Assistant Leader of the Australian Labor Party in the House of Representatives
- In office 16 May 1922 – 4 March 1927
- Leader: Matthew Charlton
- Preceded by: Matthew Charlton
- Succeeded by: office abolished

Minister for Health
- In office 22 October 1929 – 3 March 1931
- Prime Minister: James Scullin
- Preceded by: Neville Howse
- Succeeded by: John McNeill

Minister for Repatriation
- In office 22 October 1929 – 3 March 1931
- Prime Minister: James Scullin
- Preceded by: Office re-created
- Succeeded by: John McNeill

Member of the Australian Parliament for Bourke
- In office 13 April 1910 – 7 August 1934
- Preceded by: James Hume Cook
- Succeeded by: Maurice Blackburn

Personal details
- Born: 18 August 1865 London, England
- Died: 31 October 1940 (aged 75) Melbourne, Victoria, Australia
- Party: Australian Labor Party
- Spouse: Katherine McColl ​(m. 1887)​
- Occupation: Tramway worker

= Frank Anstey =

Australian politician (1865–1940)

Francis George Anstey (18 August 1865 – 31 October 1940) was an Australian politician and writer. He served as a member of the House of Representatives from 1910 to 1934, representing the Labour Party. He was Minister for Health and Minister for Repatriation in the Scullin government from 1929 to 1931.

==Early life==
Anstey was born in London, England, the son of an iron-miner who died five months before his son was born, and he had little formal education. He stowed away on a passenger ship when he was 11 and arrived in Melbourne in 1877. He then spent ten years working on ships to the South Pacific islands. After spending a period as an itinerant worker (a "swaggie" in Australian slang), he moved to Sale, where he met Katherine Mary Bell McColl. They married in 1887 and had two sons. He became a cleaner in Melbourne, where he soon became involved in politics. He worked on the Melbourne tramways and became President of the Tramways Employees Union. Self-educated, he wrote extensively for Labor newspapers such as The Tocsin and Labor Call.

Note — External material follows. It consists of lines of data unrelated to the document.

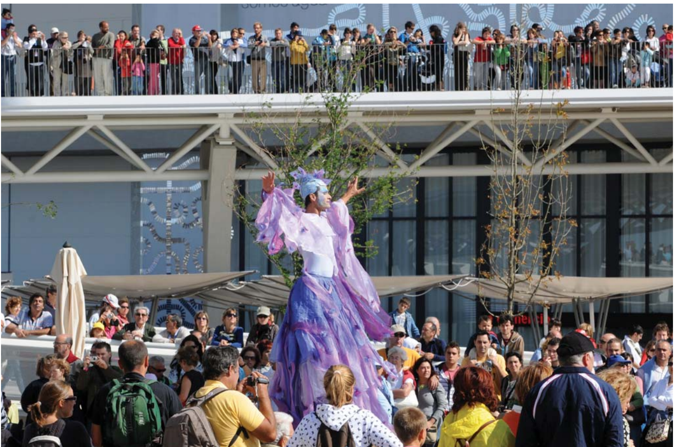
Los espectáculos y contenidos lúdicos también atrajeron la atención de los visitantes.
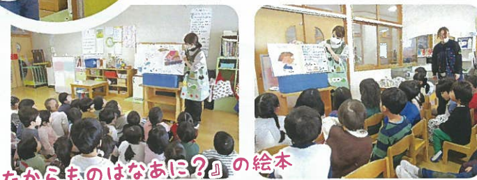
『だからものはなあに？』の絵本
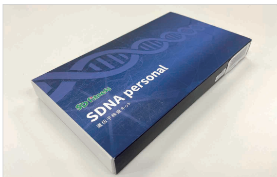
SDNA遺伝子検査キット

遺伝子検査によって利用者の体質を可視化し、体質に合った運動プランをご提供するトレーニングサービスです。専門トレーナーが、遺伝子検査の結果と利用者が求める効果を基に、個別に設計した最適な運動プランをご提供いたします。
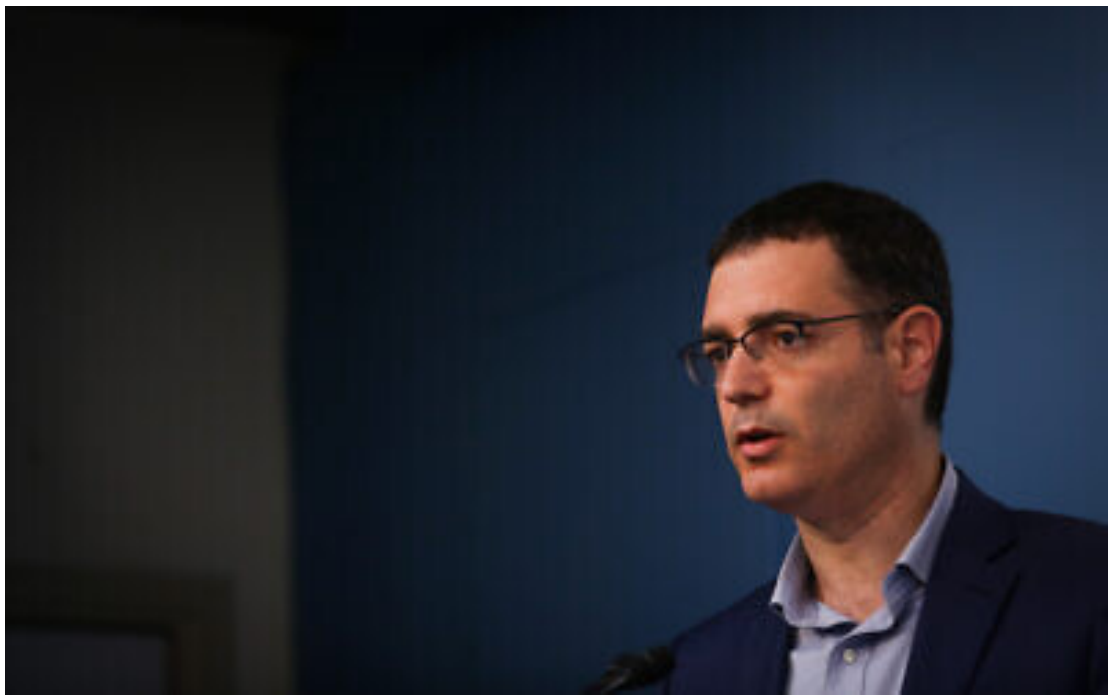
2020 年 3 月 8 日，以色列衛生部局長托夫在耶路撒冷的總理辦公室。

托夫表示：「只要每天都延後疫情爆發時間，就可以爭取到時間。」讓以色列有機會獲得所需的所有醫療物資。
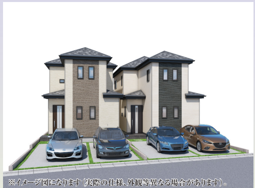
※イメージ図になります(実際の仕様、外観等異なる場合があります)。
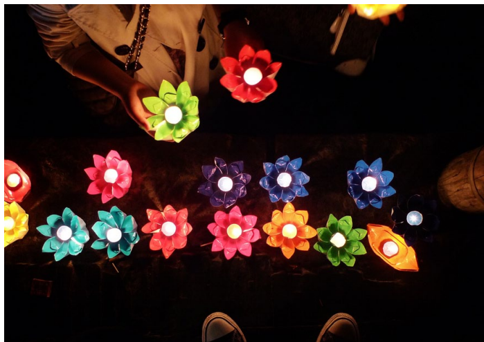
马踏湖放荷灯

碧水环绕，阡陌纵横，素有“北国水乡”之美誉。环境幽静，泛舟湖上再品尝农家饭菜令人心旷神怡。
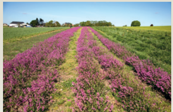
Eng Blummewiss, déi mat der Mëschung LUX-Blumenwiese ugeséint ginn ass.
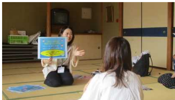
子育てサークルにてミニ講話と保育体験

乳幼児期の子育てについて、ベテラン保育者でもある幼児教育センター職員がお話します。
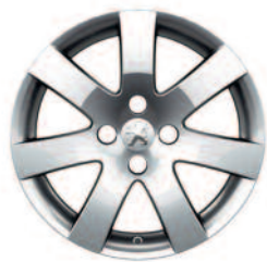
Hliníkové disky 16" Santiago
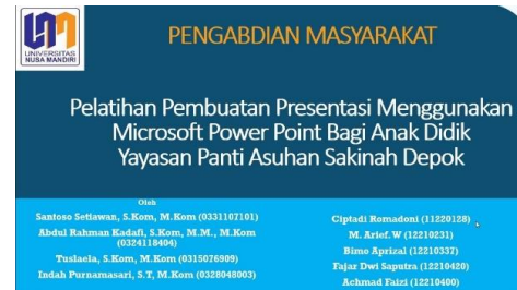
Gambar 2. Materi Pengabdian Masyarakat

Dari permasalahan yang dihadapi oleh anak didik Panti Asuhan Sakinah Depok, maka beberapa dosen Universitas Nusa Mandiri Fakultas Teknologi Informasi mengadakan pengabdian masyarakat untuk meningkatkan pengetahuan dan ketrampilan peserta didik Panti Asuhan Sakinah Depok dalam membuat presentasi menggunakan Power Point, dengan harapan dapat meningkatkan pengetahuan peserta didik tentang pembuatan media presentasi.
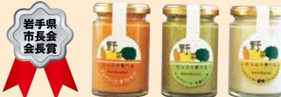
お野菜をたっぷり食べるディップソース (株)浅沼醤油店(盛岡市)

In 1898, Anstey co-founded the Victorian Labour Federation (VLF) with George Elmslie and Tom Tunnecliffe. The VLF was intended to challenge the existing labour institutions in Victoria, which its founders believed had failed to advance the goals of the movement. The federation was modelled on the Belgian Workers' Party and sought to combine the functions of a syndicated union, a co-operative, a friendly society, and a political party. Anstey gained prominence as the lead speaker at meetings of the VLF, which collapsed in 1900 "amid political bickering and personal recriminations". He subsequently focused his efforts on the mainstream United Labor Party.

==Political career==
In 1902 Anstey was elected as a Labor member of the Victorian Legislative Assembly for East Bourke Boroughs, and from 1904 he was member for Brunswick, both electorates being in the working-class suburbs of Melbourne. He switched to federal politics at the 1910 election, winning the seat of Bourke in the House of Representatives.

Despite his English birth, Anstey was an Australian nationalist. He saw Australia as an economic colony of the finance houses of the City of London, which, like many in the labour movement at this time, he described as the "money power". His views are typified by this passage from a 1907 editorial in the newspaper of the Australian Workers' Union:
The Money Power! It is the greatest power on Earth; and it is arrayed against Labour. No other power that is or ever was can be named with it.... It attacks us through the press – a monster with a thousand lying tongues, a beast surpassing in foulness any conceived by the mythology that invented dragons, wehr wolves, harpies, ghouls and vampires. It thunders against us from innumerable platforms and pulpits. The mystic machinery of the churches it turns into an engine of wrath for our destruction.
— The Brisbane Worker

In 1914 Australia, under the Labor government of Andrew Fisher, entered the First World War on the side of Britain. Anstey was one of the few Labor members who opposed the war from the start, and as a result he was highly unpopular for a time. By 1917, however, anti-war sentiment was growing and Anstey became one of the leaders of the movement against conscription for the war.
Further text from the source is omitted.